When people talk about the Colt .45, whether they know it or not, they're referring to a specific gun and a cartridge. In addition to the original Colt Peacemaker, it references the .45 Long Colt cartridge, also called the .45 Colt or .45 LC.
It's a rimmed straight-walled handgun cartridge introduced in 1872. However, it later saw use in plenty of lever-action rifles and carbines. Back then, it was a black powder revolver cartridge developed for the Colt Single Action Army Revolver, which the U.S. Army adopted in 1873. It almost switched to the .45 Schofield made by Smith & Wesson for its Model 3 revolver. Still, logistics and supply chains kept them in the business for 14 years.
The .45 Long Colt was a product of Colt's Patent Firearms Manufacturing Company and the Union Metallic Cartridge Company, which was called Connecticut home. It replaced the Model 1871 Remington Single Shot pistol and a variety of cap-and-ball revolvers that they had converted to metallic cartridges. In 1892, the military went with the doomed and underpowered .38 Long Colt, which didn't last long. In 1909, the New Service Revolver took its place using the .45 M1909 round, nearly identical to the .45 Long Colt. It only had a larger rim diameter, which prevented it from being loaded in SAA revolvers or other ejector-rod guns.

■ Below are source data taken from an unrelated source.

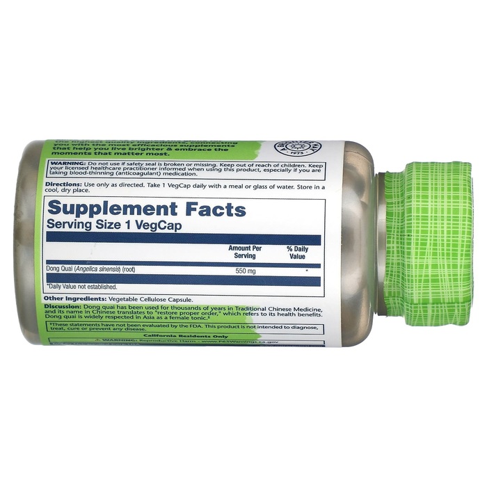 Solaray Экстракт корня Донг Куай — это удобная добавка для женщин, ищущих натуральное средство для улучшения здоровья и баланса в организме. Продукт не содержит искусственных добавок и подходит для долгосрочного использования, обеспечивая комплексную поддержку женского здоровья и благополучия.
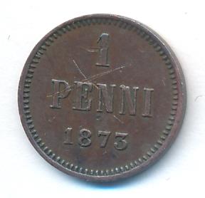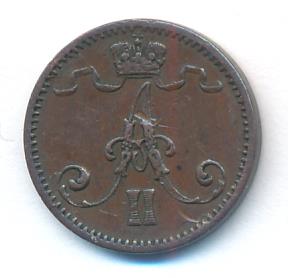Лицевая сторона — вензель Александра II, оборотная — номинал (1 PENNIA) и дата. Нормативный вес — 1,28 грамма, гурт гладкий.
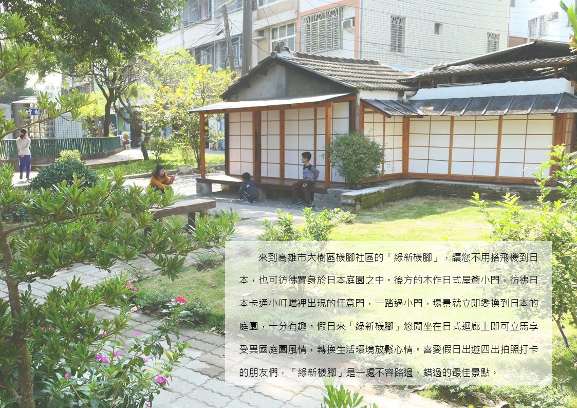 大樹檨腳社區發展協會林秋梅里事長特別感謝都發局的輔導,透過社區營造補助計畫,讓社區發揮創意,將廢棄宿舍建材回收再利用,把日式建築與庭園氛圍營造回來,現今這片綠地已從髒亂點成為社區鄰里聚集乘涼、聊天的好去處,也成為大樹國小學童及家長安全的接送停等空間,喜愛假日出遊拍照打卡的朋友,「綠新檨腳」是不可錯過的最佳景點。

In 1911, John Browning's M1911 semi-auto pistol and the .45 ACP replaced both. Today, it's still popular among cowboy action shooters, typically chambered for single-action revolvers and lever-action rifles. It also got a big boost about a decade ago when the Taurus Judge and S&W Governor revolvers debuted. These firearms can fire both .410 shotgun shells and centerfire ammo from the same cylinder. The Judge has become quite popular, with over a dozen models in the line. Bond Arms also makes some Derringers chambered for the ammo combo.
Subsequently, some ammo companies like Federal and Hornady introduced self-defense .45 Long Colt handgun ammo with modern hollow-point bullets. The .45 Long Colt also set the stage for several other rounds, namely the powerful .454 Casull. A revolver chambered for .454 Casull will fire a .45 Long Colt and a .45 Schofield. The more powerful .460 Smith & Wesson cartridge is an extended version of the .45 Colt and the .454 Casull.
When To Use a .45 Colt
The modern round is a popular hunting load for deer and black bears, and heavier hand loads are more potent than a .357 Magnum and approach the ballistics of a .44 Magnum. Winchester, Marlin, Henry, Chiappa, Rossi, Uberti, and Cimmarron all produce lever guns that fit the round.
When taking down more giant game, like bears and elk, with this round, limit your range to about 200 yards. As a heavier, rounded bullet, it experiences more drop-off effects than other ammunition. Don't go thinking the .45 Colt is an antique round. It's still a popular and versatile round of ammunition, powerful enough to do you some good when taking down game.